■ **Problem statement**
Among the entries below, the lines from the one with "Upacara tersebut dipimpin" up to and including the one with "Колір СрібнийЦиліндри 4Привід" are to be restated exactly, without pictures.

■ **Collected data entries**
########################################

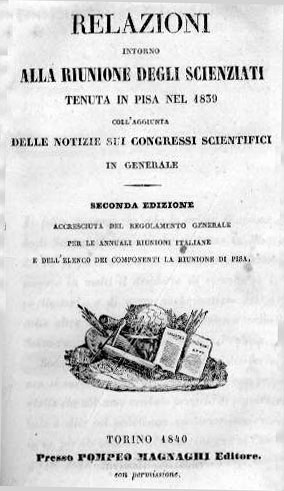 NELL' IMMAGINE SOPRA PROPOSTA SI VEDE LA PAGINA INIZIALE DELLA ORMAI RARISSIMA QUANTO IMPORTANTE II EDIZIONE DEL VOLUME INTITOLATO RELAZIONI INTORNO ALLA RIUNIONE DEGLI SCIENZIATI TENUTA IN PISA NEL 1839 CON L'AGGIUNTA DELLE NOTIZIE SUI CONGRESSI SCIENTIFICI IN GENERALE - II EDIZIONE, ACCRESCIUTA DEL REGOLAMENTO GENERALE PER LE ANNUALI RIUNIONI ITALIANE E DELL'ELENCO DEI COMPONENTI LA RIUNIONE DI PISA, TORINO, PRESSO POMPEO MAGNAGHI EDITORE, 1840, CON PERMISSIONE (LA I EDIZIONE PISANA DEL 1839 NON CONTENEVA ALCUNI ARTICOLI ED IN PARTICOLARE IL REGOLAMENTO GENERALE).
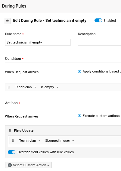 The trouble we're now having is that if the Requester answers by e-mail, Servicedesk Plus will transition the ticket to Open anyway. When we then try to assign the ticket to a Support Group (unassigned) it triggers the transition rule for "Resume Work", detects that the technician field is empty and then sets the technician to the logged in user.
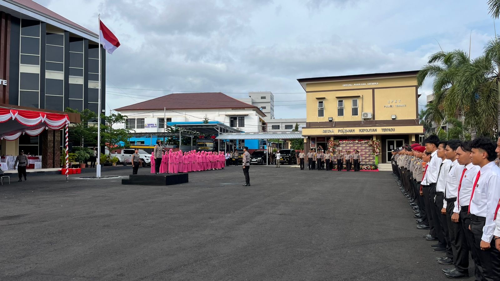 Upacara tersebut dipimpin langsung oleh Kapolres Ternate, AKBP Anita Ranta Yulianto, S.I.K., M.H., selaku Inspektur Upacara, serta dihadiri oleh Pejabat Utama Polres Ternate, para perwira, dan seluruh personel peserta upacara.
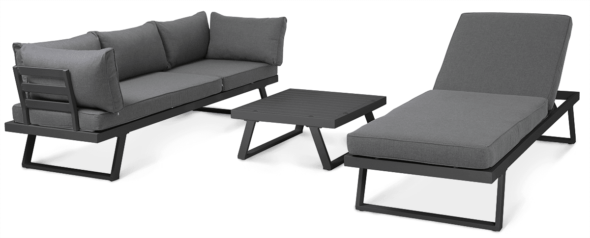 Rohové hliníkové záhradné sedenie Midway tmavosivé
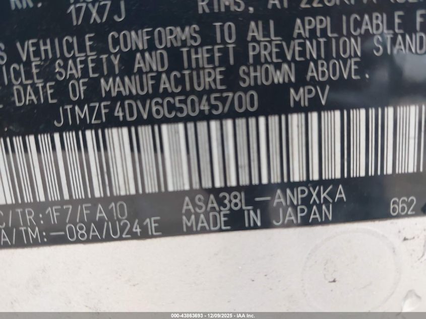 Колір СрібнийЦиліндри 4Привід Передній привідVIN JTMZF4DV6C5045700Стан СтаціонарноУшкодження Передня або задня
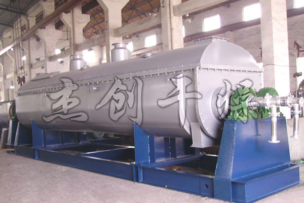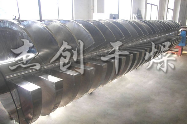 高嶺土專用槳葉干燥機的空心軸上密集排列著楔型中空漿葉,熱介質(zhì)經(jīng)空心軸流經(jīng)漿葉。單位有效容積內(nèi)傳熱面積很大,熱介質(zhì)溫度從-40℃到320℃,可以是水蒸汽,也可以是液體型:如熱水、導(dǎo)熱油等。間接傳導(dǎo)加熱,沒有攜帶空氣帶走熱量,熱量均用來加熱物料。熱量損失僅為通過器體保溫層向環(huán)境的散熱。楔型漿葉傳熱面具有自清潔功能。物料顆粒與楔型面的相對運動產(chǎn)生洗刷作用,能夠洗刷掉楔型面上附著物料,使運轉(zhuǎn)中一直保持著清潔的傳熱面。漿葉干燥機的殼體為Ω型,殼體內(nèi)一般安排二到四根空心攪拌軸。殼體有密封端蓋與上蓋,防止物料粉塵外泄而發(fā)揮作用。

########################################

■ **Exercise response**
 Upacara tersebut dipimpin langsung oleh Kapolres Ternate, AKBP Anita Ranta Yulianto, S.I.K., M.H., selaku Inspektur Upacara, serta dihadiri oleh Pejabat Utama Polres Ternate, para perwira, dan seluruh personel peserta upacara.
 Rohové hliníkové záhradné sedenie Midway tmavosivé
 Колір СрібнийЦиліндри 4Привід Передній привідVIN JTMZF4DV6C5045700Стан СтаціонарноУшкодження Передня або задня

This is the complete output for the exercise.